= Dialcom =

Dialcom Inc. was a United States corporation which developed the world's first commercial electronic mail service. It was founded in 1970 by Robert F. Ryan and was sold to ITT Corporation in 1982, becoming ITT Dialcom.
Dialcom's e-mail software ran on Prime minicomputers and was licensed to governmental telecommunications providers in over seventeen countries. Various extra features could be offered by Dialcom-based services, including gateways to telex and fax, and online information retrieval services. In 1986, British Telecom, who used Dialcom software for its Telecom Gold service, bought Dialcom from ITT.

==Dialcom systems==

Each Dialcom system was allocated a two-digit identification number. This was used as a prefix for the Dialcom e-mail addresses (or "mailboxes"), thus allowing e-mail to be exchanged between different Dialcom services. By 1990, the following Dialcom systems were operating:

| Country | Service | Systems |
|---|---|---|
| Australia | Minerva/Keylink | 07, 08, 09 |
| Canada | Infotex | 20–24 |
| Denmark | Databoks | 71 |
| Finland | Telebox | 62 |
| Germany | Telebox | 15, 16 |
| Hong Kong | Dialcom | 88, 89 |
| Ireland | Eirmail | 74 |
| Israel | Goldnet | 05, 06 |
| Italy | Mastermail | 65–68 |
| Japan | KDMINC | 13, 14 |
| South Korea | Dialcom | 52 |
| Malta | Telecom Gold | 75 |
| Mexico | Telepro | 52 |
| Netherlands | Memocom | 27–29, 55 |
| New Zealand | Starnet | 01, 02 |
| Puerto Rico | Dialcom | 25 |
| Singapore | Telebox | 10–12 |
| Taiwan | Dialcom | 52 |
| United Kingdom | Telecom Gold | 01, 04, 17, 80–89 |
| United States | Dialcom | 29–34, 37, 38, 41–59, 61–63, 90–99 |

==Time-sharing service==
Dialcom began as computer time-sharing services. A user would sign on using a Teletype Model 33 ASR and a modem with acoustic coupler, running at 110 bps. A command-line interface was available with programming languages such as BASIC and Fortran. The Company grew and evolved quickly over a four-year period through a series of acquisitions led by Robert F. Ryan, Founder, President and CEO. By 1974 Dialcom was nationwide and offering a number of "off the shelf" products such as accounting and payroll services. Dialcom "reinvented" itself about every four years by coming out with a completely new product line (all related though the thread of telecommunications) to become the dominant leader in whichever area it targeted, while still supporting and growing the prior underlying services. In 1974 Dialcom developed an online word processing and document management suite of products. For one of its major clients, the US House of Representatives, Dialcom supplied a total constituent management system (CRS) to 240 of the 435 House offices. This service was also marketed to associations and large corporations. Four years later Dialcom developed and successfully marketed the first commercial email service in the US and then went international with that service. Mr. Ryan was the sole marketer and negotiator for all international sales that were done at the ministerial level in each country. In keeping with the corporate philosophy of constant innovation and evolution, during 1980 Dialcom was the creator, designer, developer, computing and network engine of "The Source".

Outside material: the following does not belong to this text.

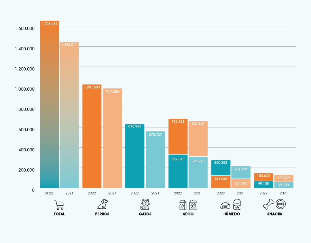 根據(jù)西班牙伴侶動物食品制造商協(xié)會(ANFAAC)的數(shù)據(jù),2022年西班牙寵物食品行業(yè)將達到17.08億歐元,與2021年14.93億歐元相比增長了14.4%。
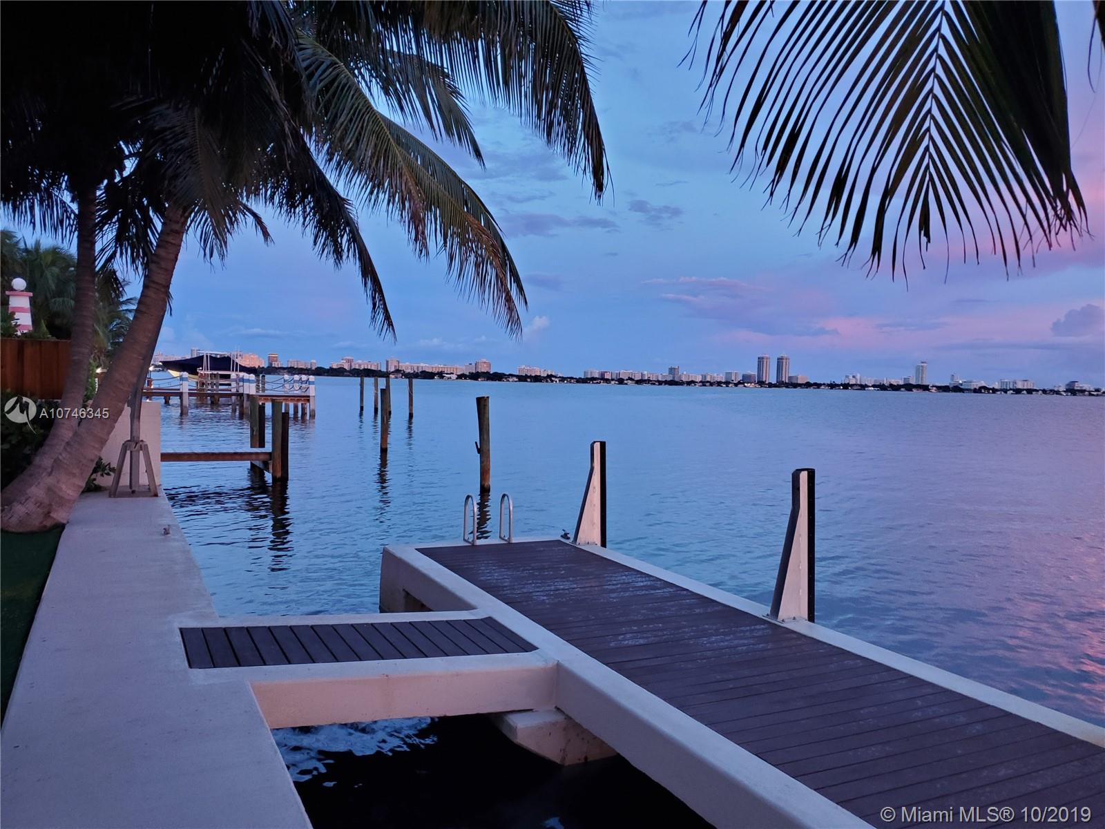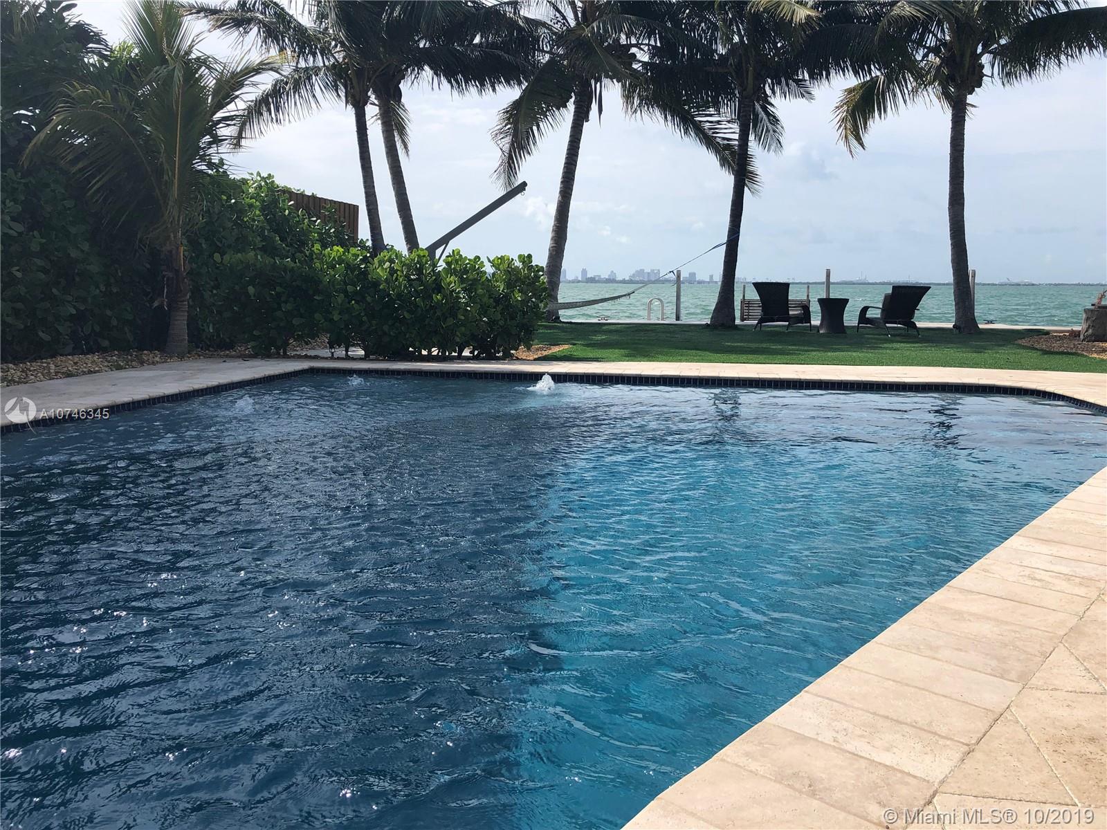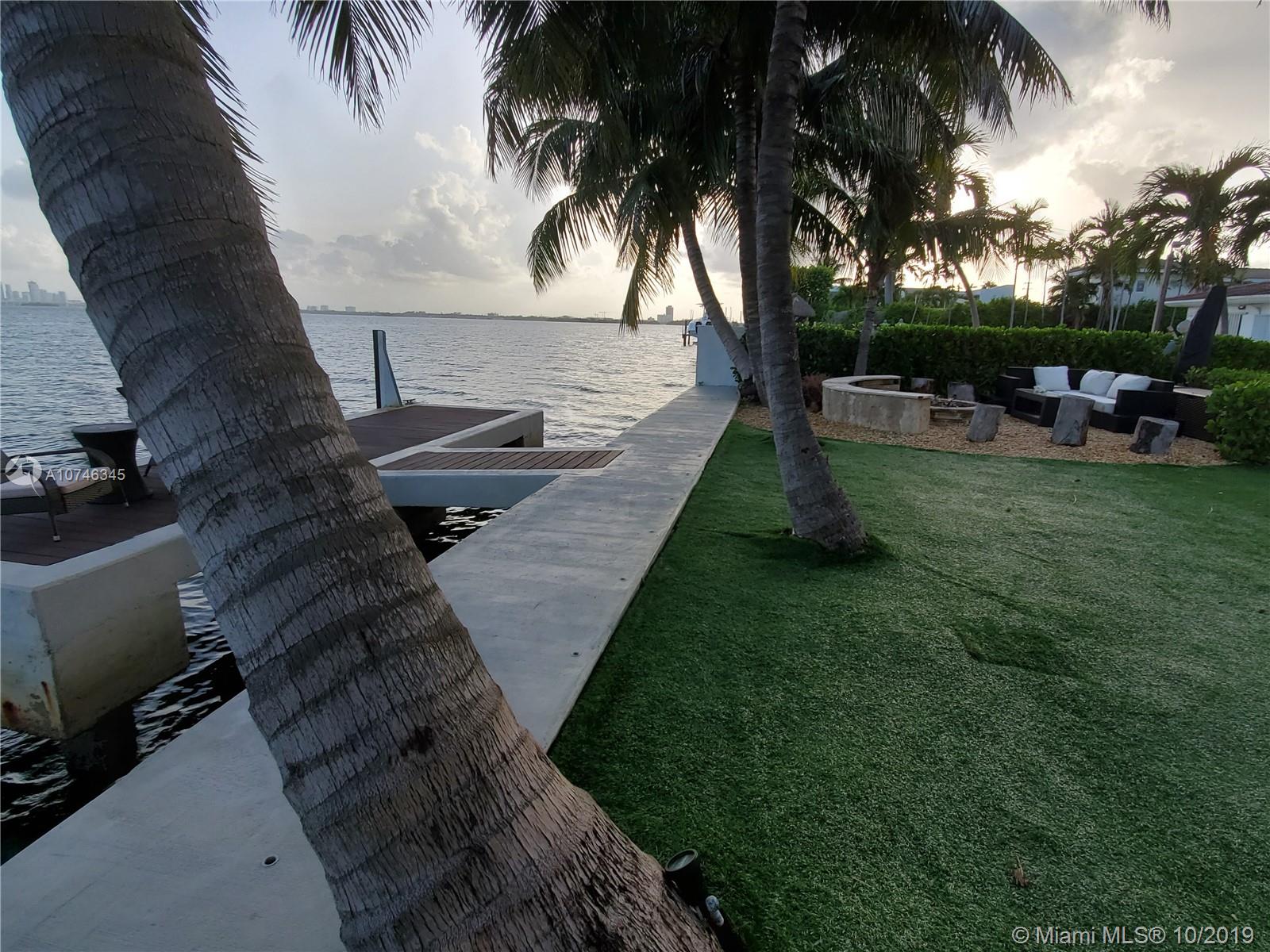 BEST PRICED UPDATED WATERFRONT HOME! Tropical paradise on the open bay with unobstructed views of the Miami skyline and South Beach. This beautiful property offers 60-ft of bayfront, oversized heated pool with beach, and a huge backyard with fire pit! Situated on a 9,000 sqft lot, this stunning 4-bed plus den / 3 bath home has been renovated in 2012 and is move-in ready. The open concept floor plan and wall-to-wall glass allow for the maximum exposure of magnificent water views. Some of the features include marble and wood floors, high-end kitchen appliances, spa shower with steam, giant master suite with sitting area/den, hurricane impact windows and doors, new seawall and boat dock, and one car garage. Amazing location just minutes from South Beach, Bal Harbor, and downtown.

Robert Ryan developed and executed a structured plan that led to over a decade of steady geographic and product growth with sustained and growing profitability. He identified, secured financing, negotiated and successfully acquired and merged six struggling companies resulting in the rapid growth and profitability of the parent company - steadily transforming a small computer service bureau into the world leader of electronic mail services with offices in nineteen countries. Dialcom was the first email service offered in the US or any other country and it controlled 35% and 98% US and international email market share respectively. International expansion was accomplished through strategic partnerships and joint ventures with the governmental telecommunications bodies in all major telecommunications consuming countries. Robert Ryan developed and negotiated all international licenses and partnerships. Market growth and profitability was constant through these intense periods of geographic and product expansion. In 1982 Robert Ryan negotiated the sale of Dialcom to ITT and remained as CEO for three years.

Concurrent with Dialcom and with the support of the Dialcom Board of Directors Robert Ryan was co-founder and president of Source Telecomputing Corporation. In concert with William VonMeister (deceased) Robert Ryan conceived, financed, designed, and implemented "The Source" – America's first consumer-oriented information service – the direct predecessor of AOL. After achieving dominant market share in its first year of operation, "The Source" was sold by management to Reader's Digest. Mr Ryan has to date started or managed (at C level positions) over a dozen companies during his ongoing career. He is a long-standing supporter of entrepreneurship and has worked with educational institutions to further his beliefs.

Eric Schmidt, who would later become CEO of Novell and Google, worked for Dialcom during high school.